▸ Problem description:
Data follows below. Repeat exactly the lines between the line holding "Step inside to" and the line holding "This 1970 label", inclusive, and nothing more; drop pictures.

▸ Data excerpts:

****************************************

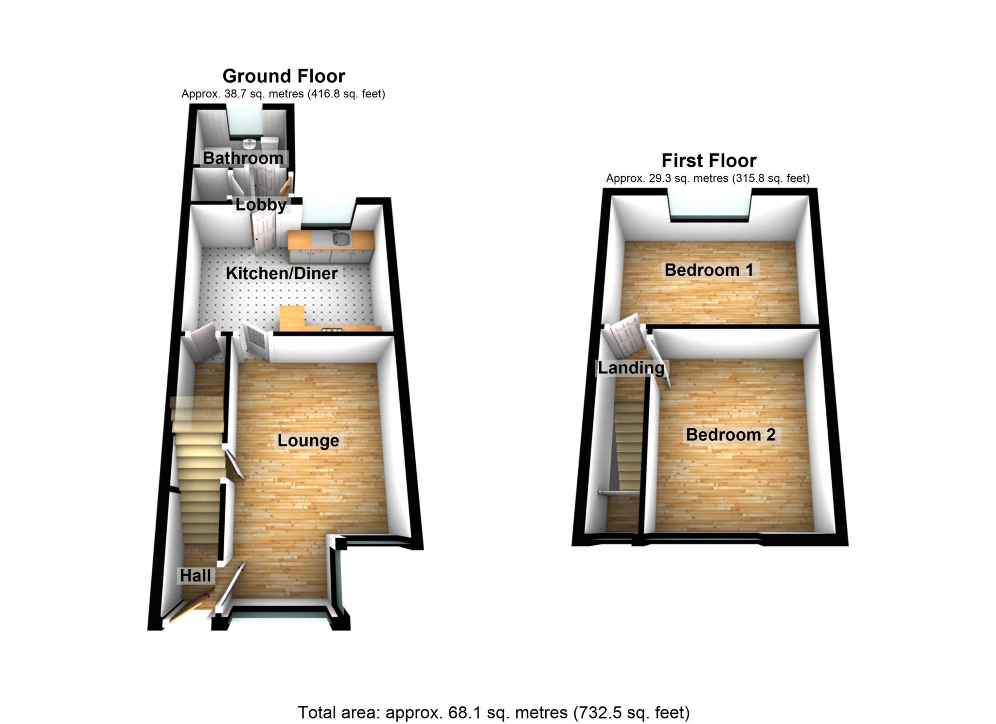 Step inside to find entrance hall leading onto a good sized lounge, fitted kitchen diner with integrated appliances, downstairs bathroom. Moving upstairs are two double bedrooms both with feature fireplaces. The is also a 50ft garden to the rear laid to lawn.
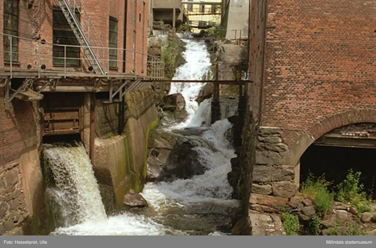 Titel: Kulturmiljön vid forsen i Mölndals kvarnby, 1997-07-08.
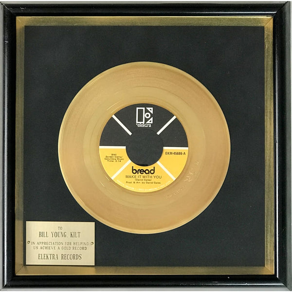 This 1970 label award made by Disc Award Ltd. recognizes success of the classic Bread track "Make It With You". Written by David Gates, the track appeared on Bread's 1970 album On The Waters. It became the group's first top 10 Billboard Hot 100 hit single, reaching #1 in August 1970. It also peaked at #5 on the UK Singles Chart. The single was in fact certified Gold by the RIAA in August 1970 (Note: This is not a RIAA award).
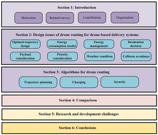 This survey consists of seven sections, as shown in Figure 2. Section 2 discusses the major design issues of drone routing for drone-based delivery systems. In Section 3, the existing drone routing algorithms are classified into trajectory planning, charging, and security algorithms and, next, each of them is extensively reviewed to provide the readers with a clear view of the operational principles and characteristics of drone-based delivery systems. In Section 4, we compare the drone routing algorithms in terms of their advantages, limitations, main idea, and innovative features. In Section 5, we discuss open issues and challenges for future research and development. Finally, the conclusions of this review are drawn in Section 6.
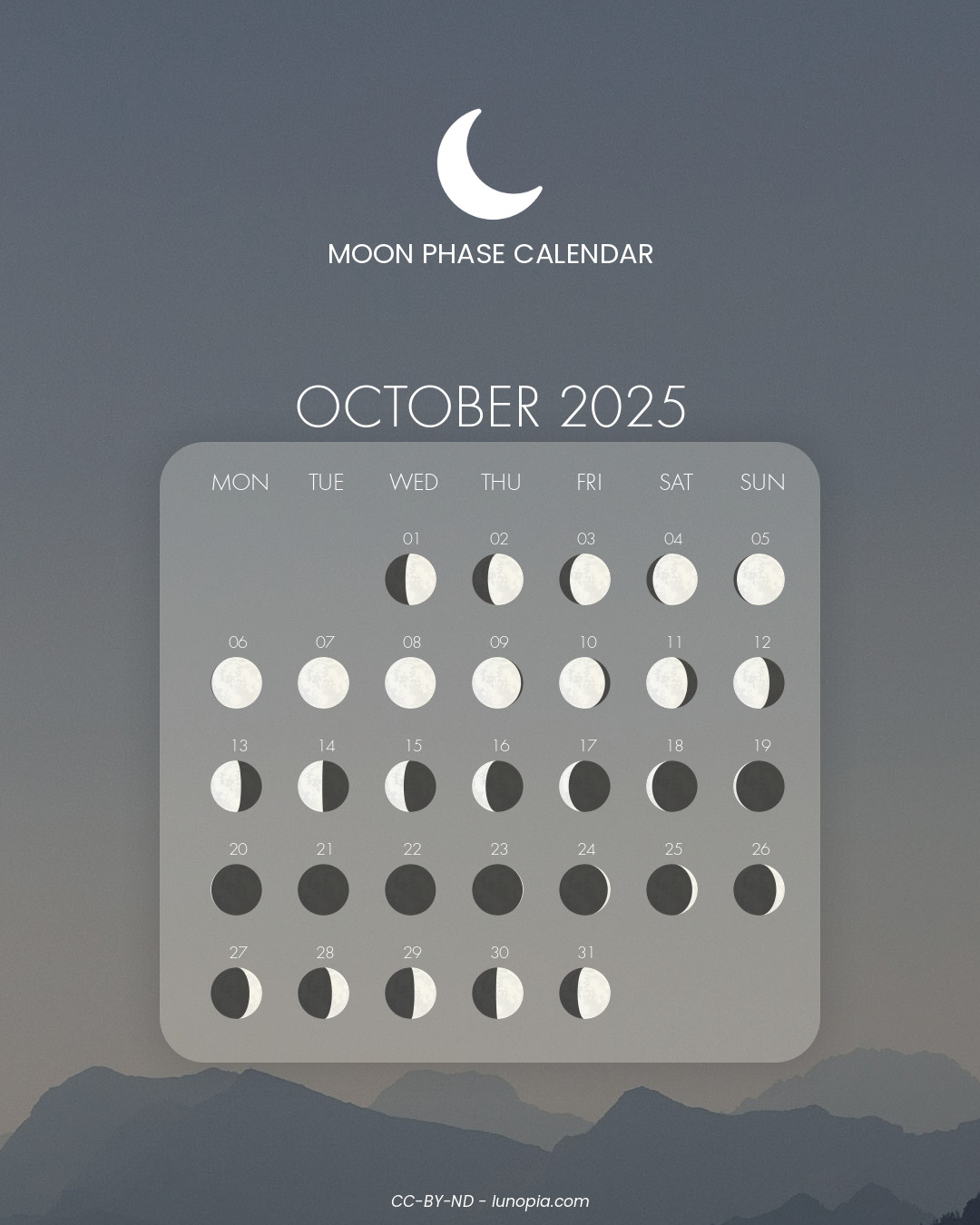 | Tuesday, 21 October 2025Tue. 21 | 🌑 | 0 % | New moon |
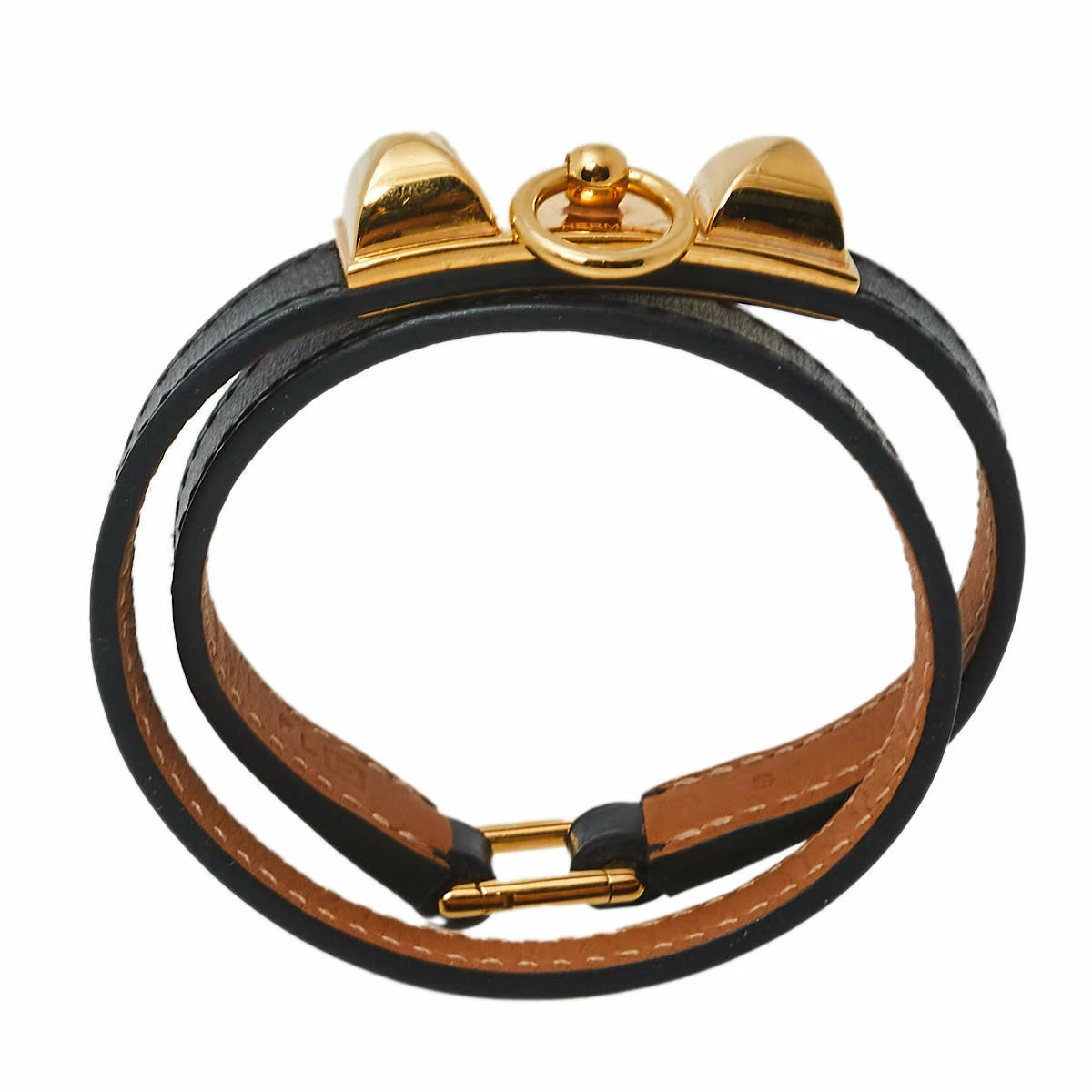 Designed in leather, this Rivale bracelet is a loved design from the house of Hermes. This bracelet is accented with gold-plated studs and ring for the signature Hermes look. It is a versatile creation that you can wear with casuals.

****************************************

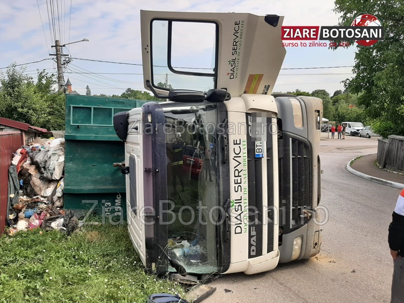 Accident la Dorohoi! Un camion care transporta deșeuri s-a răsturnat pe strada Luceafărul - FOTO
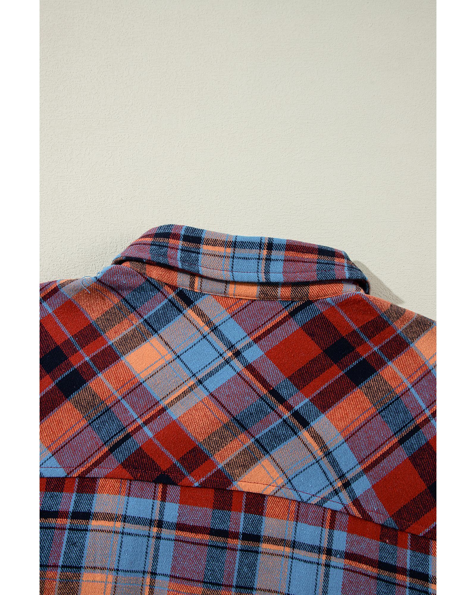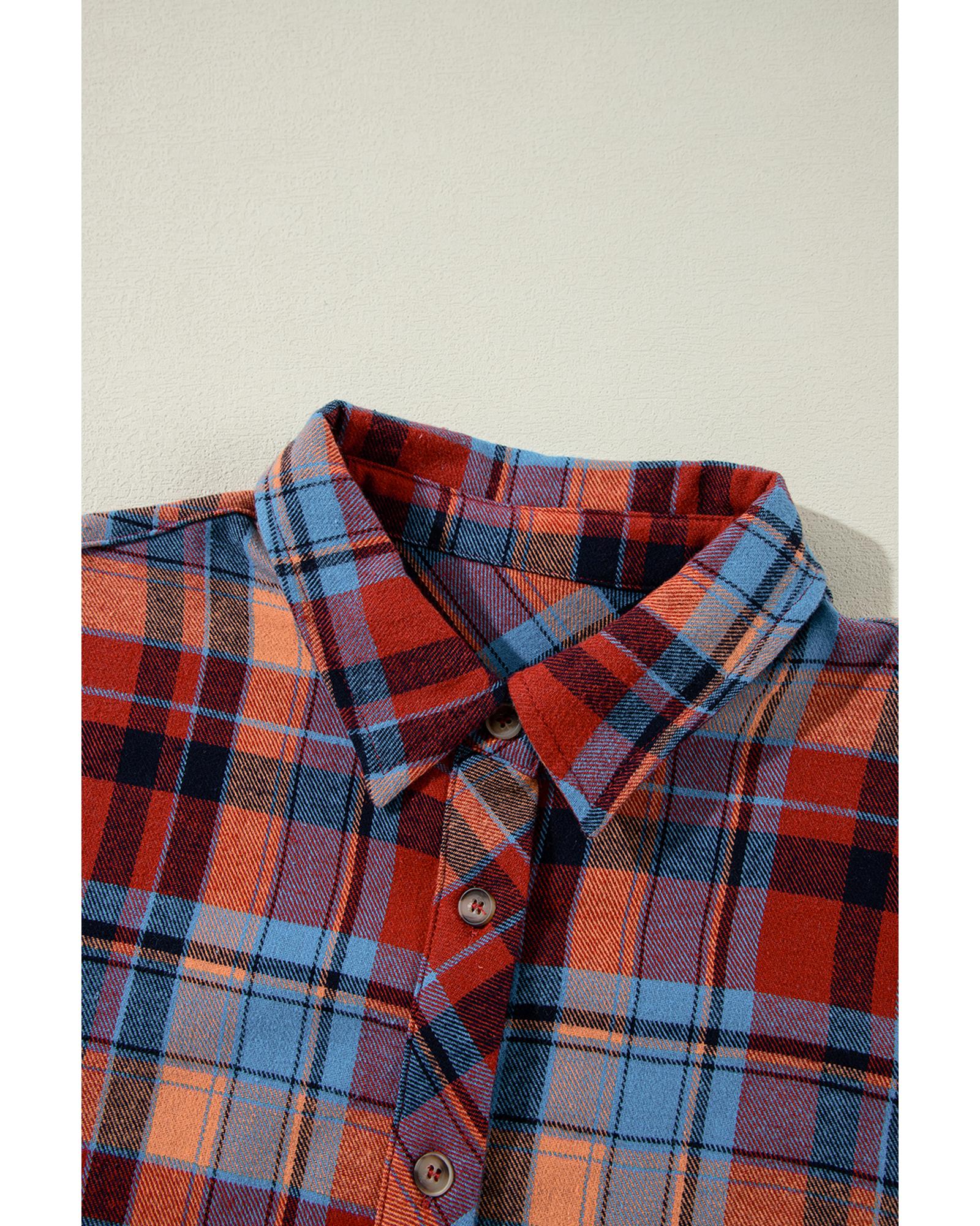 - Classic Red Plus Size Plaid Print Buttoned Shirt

****************************************

▸ Task solution:
 Step inside to find entrance hall leading onto a good sized lounge, fitted kitchen diner with integrated appliances, downstairs bathroom. Moving upstairs are two double bedrooms both with feature fireplaces. The is also a 50ft garden to the rear laid to lawn.
 Titel: Kulturmiljön vid forsen i Mölndals kvarnby, 1997-07-08.
 This 1970 label award made by Disc Award Ltd. recognizes success of the classic Bread track "Make It With You". Written by David Gates, the track appeared on Bread's 1970 album On The Waters. It became the group's first top 10 Billboard Hot 100 hit single, reaching #1 in August 1970. It also peaked at #5 on the UK Singles Chart. The single was in fact certified Gold by the RIAA in August 1970 (Note: This is not a RIAA award).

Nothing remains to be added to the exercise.